Your objective
Leave the pictures out. Retype exactly the lines below from the one containing "MICRO SHBOD SD_98" through the one containing "Có thể lập kế", and no others.

Data for analysis
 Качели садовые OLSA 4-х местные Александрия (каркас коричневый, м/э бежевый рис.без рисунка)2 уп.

...

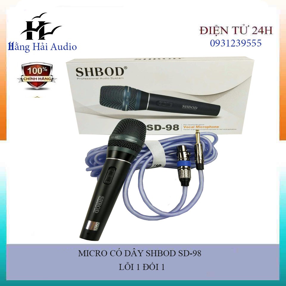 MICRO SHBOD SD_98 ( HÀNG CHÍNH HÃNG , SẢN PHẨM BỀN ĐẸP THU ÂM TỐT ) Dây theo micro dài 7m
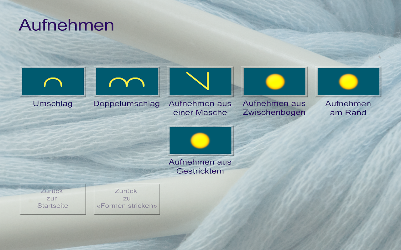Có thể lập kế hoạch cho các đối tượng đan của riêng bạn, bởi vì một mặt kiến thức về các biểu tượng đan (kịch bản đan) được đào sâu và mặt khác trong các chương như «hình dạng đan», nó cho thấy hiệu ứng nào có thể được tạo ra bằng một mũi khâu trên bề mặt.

* * *

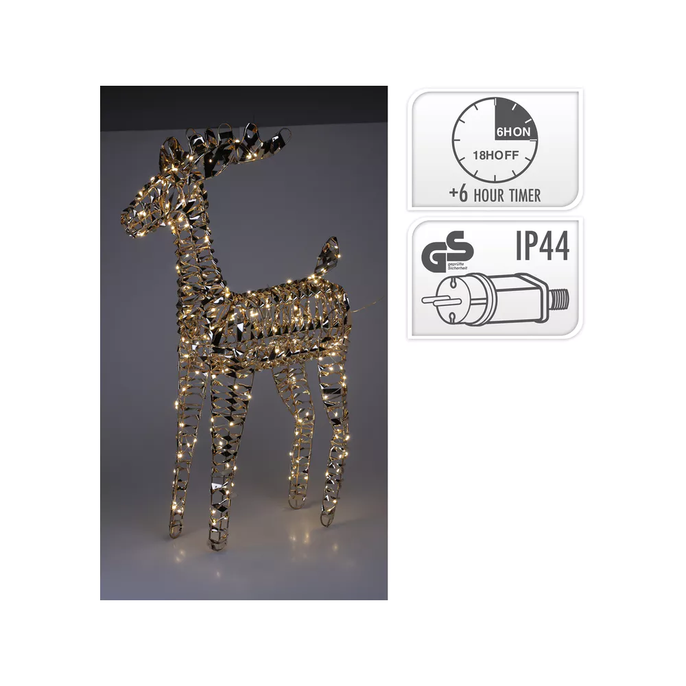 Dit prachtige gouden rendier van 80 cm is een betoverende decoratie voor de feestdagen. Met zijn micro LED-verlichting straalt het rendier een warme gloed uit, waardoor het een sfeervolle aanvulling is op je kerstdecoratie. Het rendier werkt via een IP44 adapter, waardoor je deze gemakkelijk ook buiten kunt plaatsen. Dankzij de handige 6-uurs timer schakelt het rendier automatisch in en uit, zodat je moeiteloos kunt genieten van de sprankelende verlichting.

Your solution
 MICRO SHBOD SD_98 ( HÀNG CHÍNH HÃNG , SẢN PHẨM BỀN ĐẸP THU ÂM TỐT ) Dây theo micro dài 7m
Có thể lập kế hoạch cho các đối tượng đan của riêng bạn, bởi vì một mặt kiến thức về các biểu tượng đan (kịch bản đan) được đào sâu và mặt khác trong các chương như «hình dạng đan», nó cho thấy hiệu ứng nào có thể được tạo ra bằng một mũi khâu trên bề mặt.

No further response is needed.